As the report highlights, a wealth of normative standards and institutional mechanisms has emerged to give effect to the prohibition of torture and other ill-treatment. The UN Convention Against Torture is prominent among these, alongside a range of other international and regional legal instruments, as well as soft law. From the Rapporteur’s mandate itself to the Committee Against Torture and the Subcommittee on Prevention of Torture, a range of oversight bodies have been instituted on the international level to monitor compliance with the prohibition. Crucially, the Optional Protocol to the Convention against Torture (OPCAT) requires States to establish a National Preventive Mechanism (NPM) operating domestically. The worldwide movement to end torture and support victims is marked by a broad and diverse civil society base. This mobilisation around the imperative of Article 5 of the Universal Declaration is to be celebrated.
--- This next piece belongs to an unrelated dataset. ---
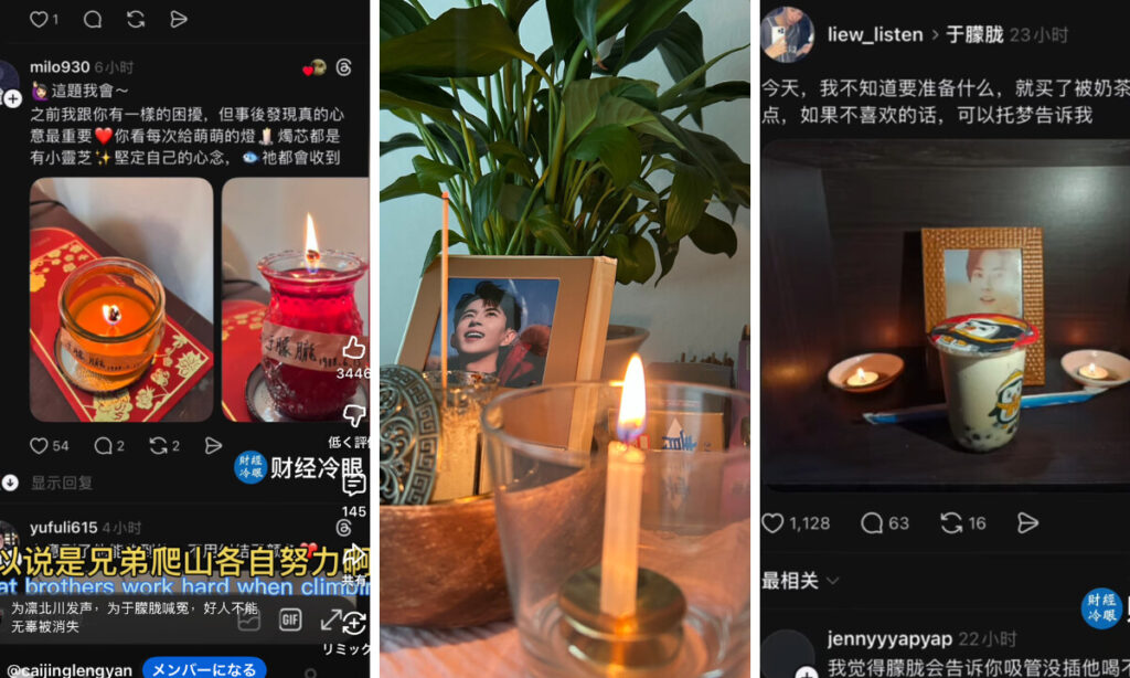 中国語圏では、于朦朧のために蝋燭を灯す投稿が広がっている。于朦朧が霊媒やEVPを通じて「点灯(蝋燭を灯してほしい)」と伝えたという話が共有され、多くの人が彼のために明かりをともしている。右は蝋燭とともに供えられた、彼が生前好んだタピオカミルクティー。(スクリーンショット)

At the same time, the report zooms in on widespread failings in giving effect to the demands of the prohibition. These range from a failure to legislate adequately or at all against these wrongs to failure to implement fundamental preventive safeguards for people in custody, such as access to a lawyer or a doctor. The mandate’s long-standing experience discloses that all too often, even where the law makes appropriate provision in principle, those at greatest risk of such ill-treatment are actively hindered or otherwise impeded from availing of the law’s protection, whether out of fear of reprisals or for lack of interpretation services, for example.

But the report also addresses the overt disputation of the absolute prohibition of torture and other ill-treatment, as well as open or covert backsliding through misinterpretation. The Rapporteur is unequivocal on attempts to justify torture: torture and other ill-treatment (along with slavery or genocide) are absolutely prohibited not because they never ‘work’ (towards whatever nefarious or seemingly worthy end), but because they are entirely at odds with the fundamental respect for humanity on which the global legal order rests (para 48).
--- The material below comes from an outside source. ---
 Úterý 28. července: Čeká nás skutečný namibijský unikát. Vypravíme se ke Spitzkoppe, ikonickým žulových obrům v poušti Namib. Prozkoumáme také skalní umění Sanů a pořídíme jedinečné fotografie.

With respect to misinterpretation, the Rapporteur rejects attempts to narrow the definition of the prohibited conduct, for example by requiring serious injury or long-term harm for the wrongs to be made out, or by using euphemistic terms such as ‘enhanced interrogation techniques’ to sanitise systematic torture. In relation to any residual uncertainty as regards the prohibition’s contours, the Rapporteur indicates that ‘States should always err on the side of caution, given that the act, omission or situation in question can be permissible only once its qualification as torture or ill-treatment has been affirmatively excluded’ (para 43). This encapsulates the clear message (running through previous reports also) that the prohibition of torture and ill-treatment is not just a technicality to be manoeuvred around in the pursuit of desired government action, but a fundamental norm which embodies the humanism of the international legal edifice, and whose letter and spirit must be followed in all State pursuits.
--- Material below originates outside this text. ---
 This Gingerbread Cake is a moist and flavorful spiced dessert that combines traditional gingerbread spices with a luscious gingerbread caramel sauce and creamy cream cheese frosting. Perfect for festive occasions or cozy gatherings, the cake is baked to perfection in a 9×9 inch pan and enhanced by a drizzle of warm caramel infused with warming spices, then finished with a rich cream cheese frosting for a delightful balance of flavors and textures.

The assessment of where the prohibition of torture and other ill-treatment stands today would be incomplete without acknowledgement of the way our societies demarcate, through law or otherwise, the ‘haves’ and ‘have nots’ of human rights. In particular, the report makes explicit the way in which torture and ill-treatment proliferate in contexts of systemic or structural discrimination, inequality, or disempowerment. Alleviating circumstances conducive to such ill-treatment thus also requires a systematic overhaul of ‘legal, structural and socioeconomic conditions that may increase exposure to violence and abuse by State officials and non-State actors’ (para 77(i)).

The prohibition of torture and other cruel, inhuman or degrading treatment or punishment seeks to banish practices that desecrate the person. As the Torture Rapporteur’s recent report demonstrates, there is no scope for complacency, and an urgent need to confront the many ways in which torture is still made possible, or even palatable, in today’s world.